Procurou-se alcançar a casa de mato considerada o quartel-general dos grupos que atuavam na região do Oio, a força atacante encontrou resistência, alguns foram abatidos, da parte da força atacante havia feridos, o 1.º Cabo-Enfermeiro Adozindo Carvalho de Brito fora gravemente atingido. Foi um período de 45 minutos de inferno de fogo e sangue até que chegaram os T-6 que metralharam o IN. “Durante a retirada, alguém se lembrou da velha que foi utilizada como guia, mas essa pagou com a vida a colaboração que anteriormente dera aos terroristas, varada com uma rajada de pistola-metralhadora dos próprios correligionários. O 1.º Cabo Adozindo não resistiu aos ferimentos. Permaneceu-se no Morés até ao dia seguinte, o IN espingardeou durante a noite".

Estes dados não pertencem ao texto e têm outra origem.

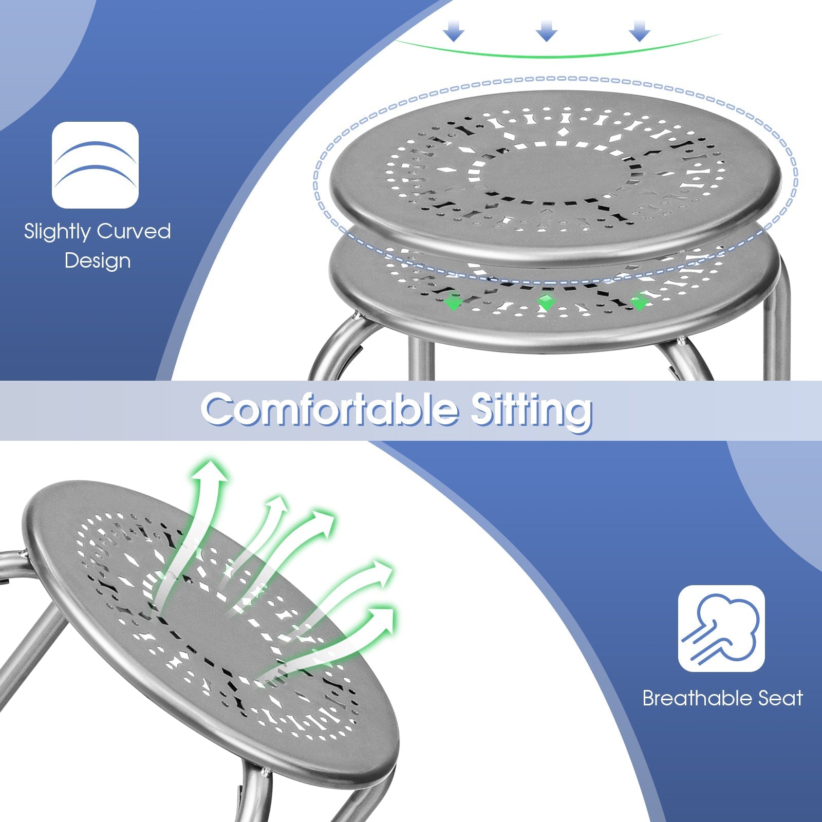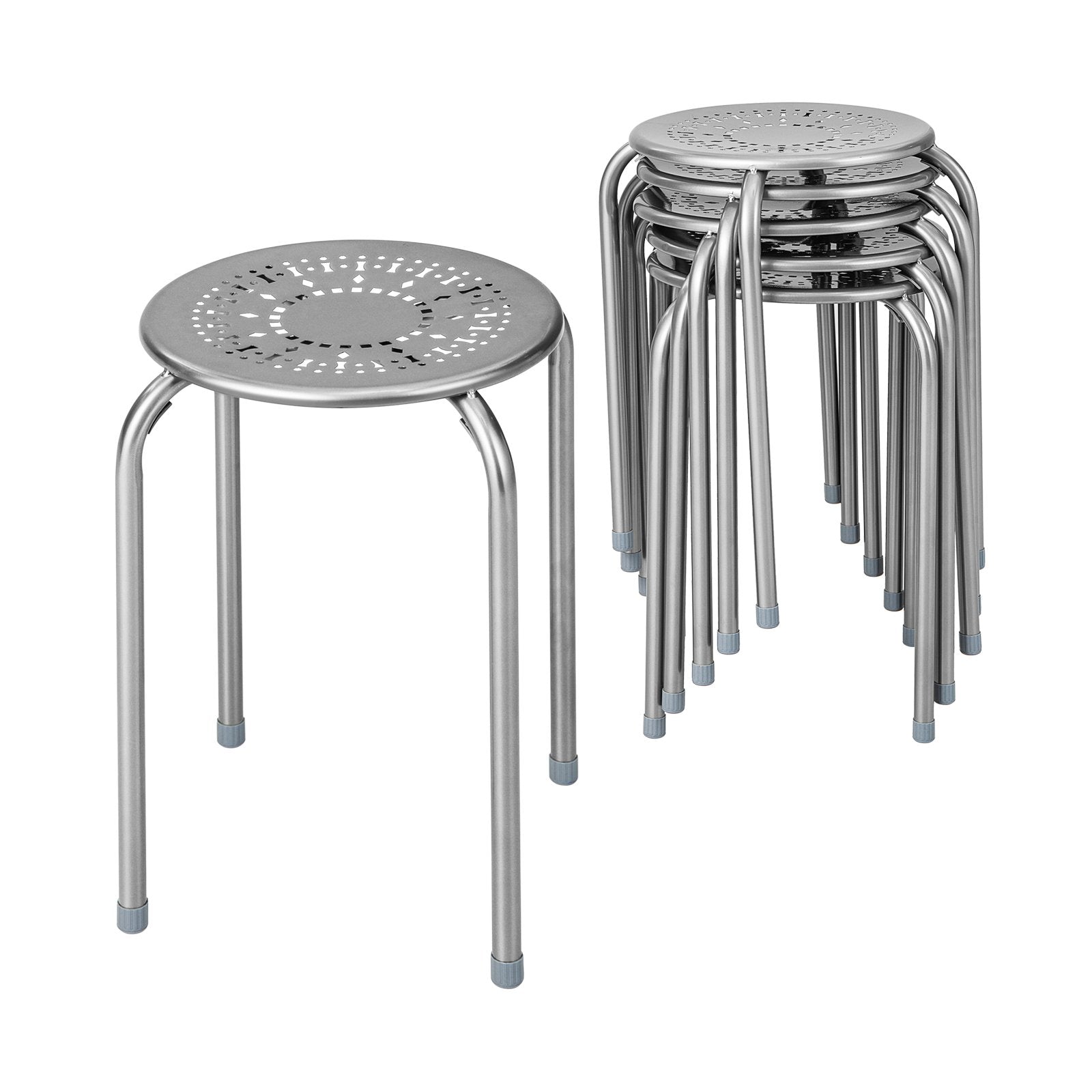 Measures 30 cm in diameter, this metal stool's seat top provides a wide surface for comfortable sitting. With the stackable design, these stools won't take up much storage space. In addition, each stool has a hollow patterned seat surface for both ventilation and decorative purposes. Apart from that, crafted from plastic-coated metal, these stools feature high resistance to water and rust which is ideal for outdoor use. what's more, the X-shaped structure can easily hold up 80 kg of weight for daily use. In one word, these stack stools will be your ideal companion for home, office, school, etc. If you are looking for a Set of 6 Round Metal Stools like this, do not hesitate to place an order! High-Quality Metal: Crafted from a high-quality metal tube, this round stool is characterized by high sturdiness. In addition, the painted metal pipe features high resistance to water and rest, which guarantees long service life. Sturdy Construction: Supported with an X-shaped structure, this sturdy stool features a high load capacity of 80 kg. Additionally, the non-slip base prevents scratches to the floor, and adds extra safety to the whole structure. Stackable Design: Designed with a simple stackable structure, this set of 6 stools can be stored in a compact size when not in use, which will save you a lot of time and effort to organize them. For instance, it is especially suitable for crowded place such as classroom or party. Nice Patterns for Various Places: Fitted with attractive and beautiful patterns, this simple style stool will blend in easily with any indoor or outdoor decoration. In addition, the hollow-out seat surface also has a ventilation function to keep you cool on summer days. No Assembly: With no assembly steps required, this stool set will save you a lot of effort and time. Just take the stool out of the box for convenient use whenever you want. Apart from that, the stool surface is easy to clean with a damp towel.
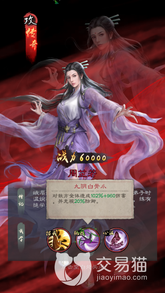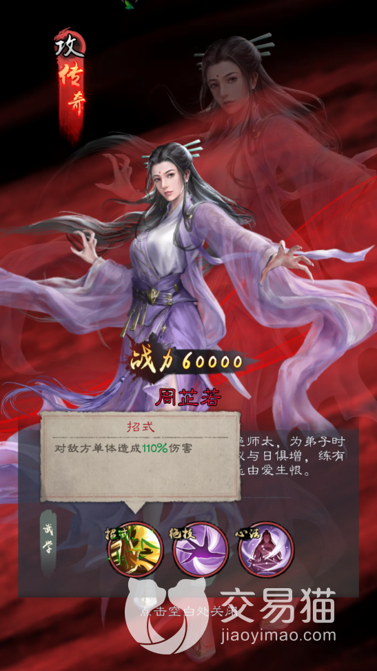 游戏中,她是一位红卡,属于品质最高的一批侠客,其战力高达六万,入手后可增加二十点侠义。
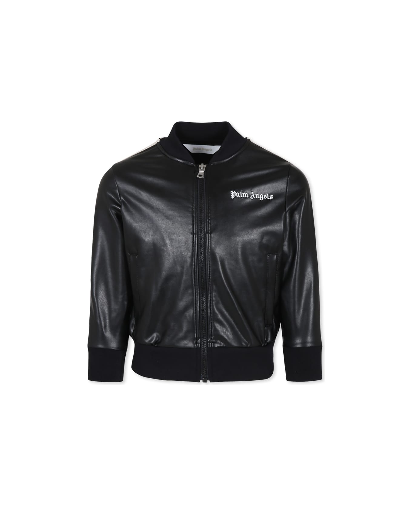Black faux leather jacket with long sleeves, elastic ribbed cotton collar and cuffs, front zipper closure and side pockets. It is embellished with beige side bands and white embroidered logo on the chest.
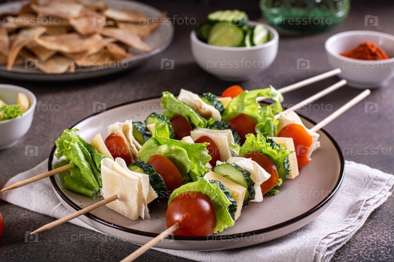 Закуска на шпажках из помидоров, огурцов, сыра, лаваша и салата на тарелке
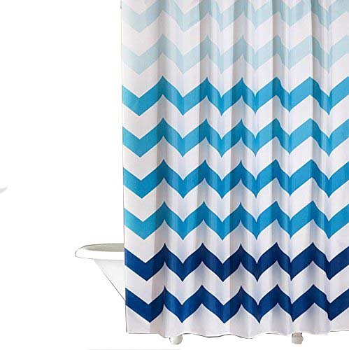 Smartkitch Mildew-Free Water-Repellent Zeno Shower Curtain, 72 by 72", Navy/White
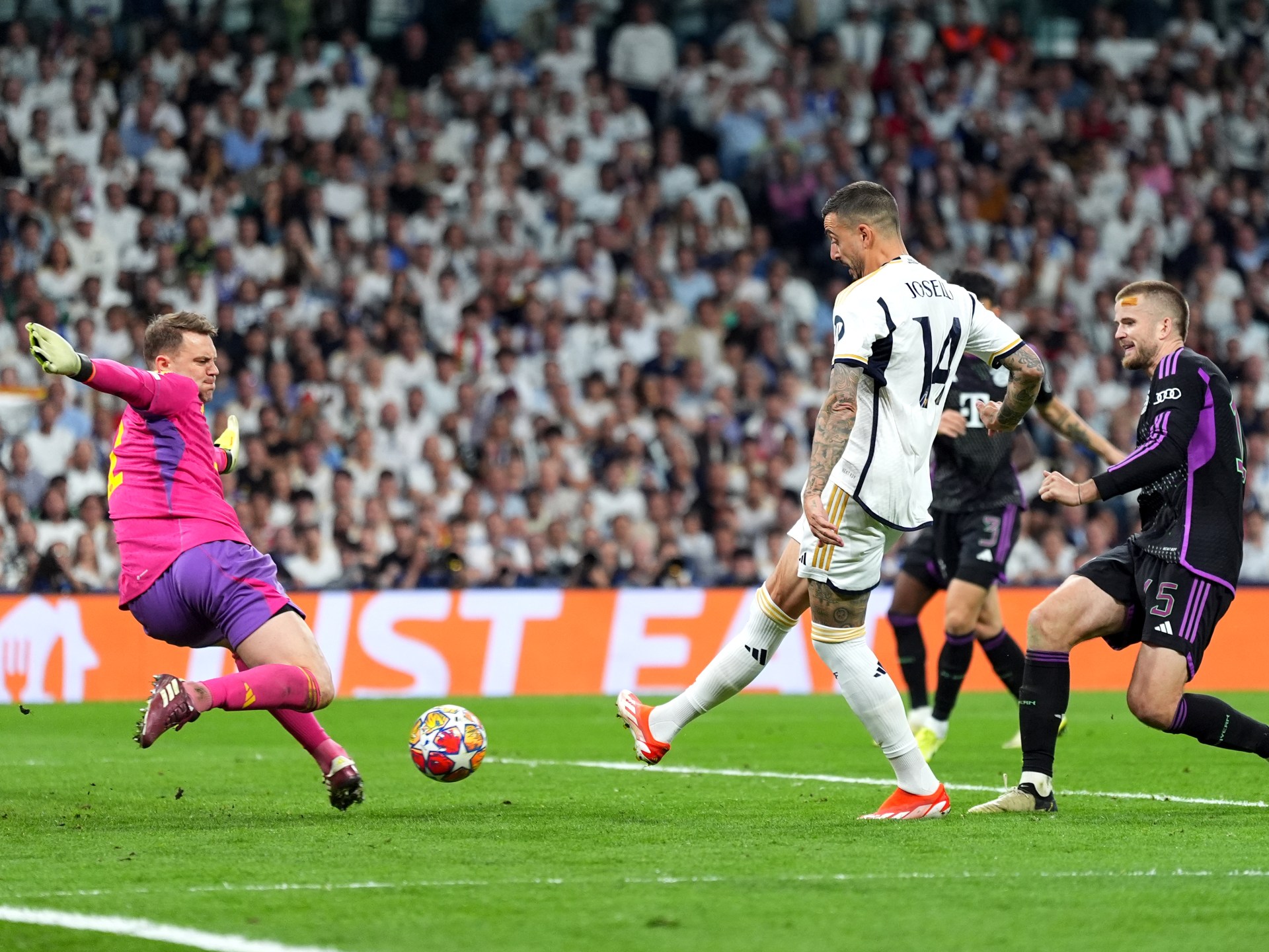 ففي الدقيقة الـ87، وبينما كان الجميع في البرنابيو يحضرون أنفسهم لخسارة الريال، يسدد فينيسيوس جونيور كرة ليست قوية من خارج منطقة الجزاء يخفق نوير في التعامل معها لتتهادى أمام خوسيلو، الذي يسجل أحد أهدافه من الثنائية التي قادت الريال إلى النهائي.
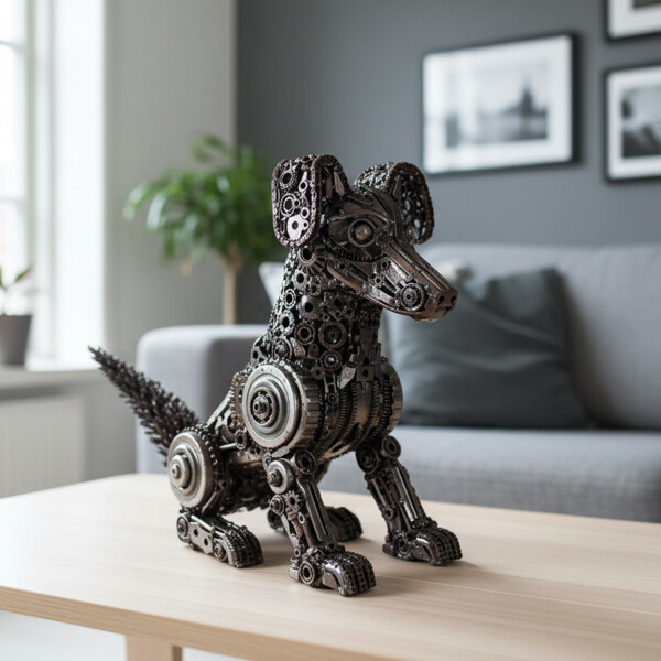 Anna huoneellesi viehätystä käsintehdyllä Gear Pup -veistoksellamme, jonka taitavat käsityöläiset ovat luoneet kierrätetystä metallista. Jokainen osa kertoo muodonmuutoksen tarinan leikkisillä yksityiskohdilla, kuten uteliailla silmillä ja heiluvalla hännällä. Tämä ainutlaatuinen metallikoiraveistos yhdistää rustiikkisen teollisen tyylin kierrätetyistä materiaaleista peräisin oleviin osiin, tehden siitä viehättävän keskustelun aloittajan ja kestävän taiteen symbolin. Täydellinen koko tuomaan luonnetta mihin tahansa kotiin, se ilmentää iloa ja luovuutta.
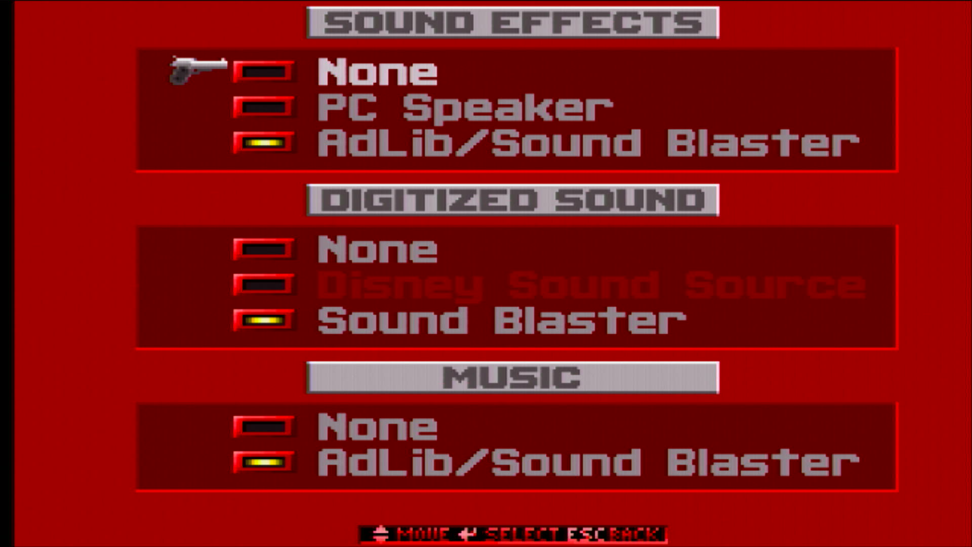 Audio support for Disney Sound Source, Ad Lib, Sound Blaster, and Sound Blaster Pro. MT-32/GM available with an aftermarket mod.
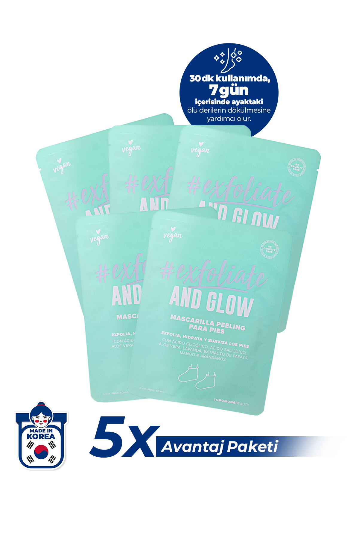 todobeauty 5-pack Exfoliate and Glow Sock Type Peeling Foot Mask

O relator foi o Capitão António Pais do Amaral, escreve em dado passo:  
“É de justiça fazer uma referência muito especial ao nosso guia, Malan Seidi, que nos acompanhou desde Mansabá. Pretendemos evacuá-lo na manhã de 3 de Novembro por se encontrar com um ferimento no joelho recebido na emboscada da véspera, possivelmente por bala que não chegou a sair segundo a opinião do nosso médico. Depois de um comportamento exemplar, respondeu terminantemente que iria acompanhar a tropa. Estas palavras sinceras, ditas por nativo ferido, da cor e raça daqueles que nos fazem guerra no Oio, são extremamente consoladores e o melhor incentivo para não abandonarmos à ignomínia todos aqueles que por nós serão capazes de proceder como fez o nosso guia e amigo Malan”.
Na manhã seguinte foram recolhidos os feridos e chegaram munições e água, a aviação bombardeou e metralhou as zonas das casas de mato. No regresso, levantaram-se abatises colocadas nas estradas entre Bigine e Cudana e mais 24 abatises foram removidas no caminho do Morés até à estrada de Bissorã. No final do relatório, a propósito dos ensinamentos colhidos, o relator observa: “Hoje em dia, nenhum informador nativo se aventura a percorrer certas zonas do Oio e nós que já temos muitas dezenas de quilómetros percorridos na região, desola-nos nem sempre a podermos colher, porque raramente se encontra alguém e quando isto sucede os nativos interrogados ou não sabem ou não dizem talvez por recearem represálias por parte dos terroristas”. E não esconde o seu orgulho em citar o nome do comandante do batalhão pela sua nunca desmerecida valentia.

(continua)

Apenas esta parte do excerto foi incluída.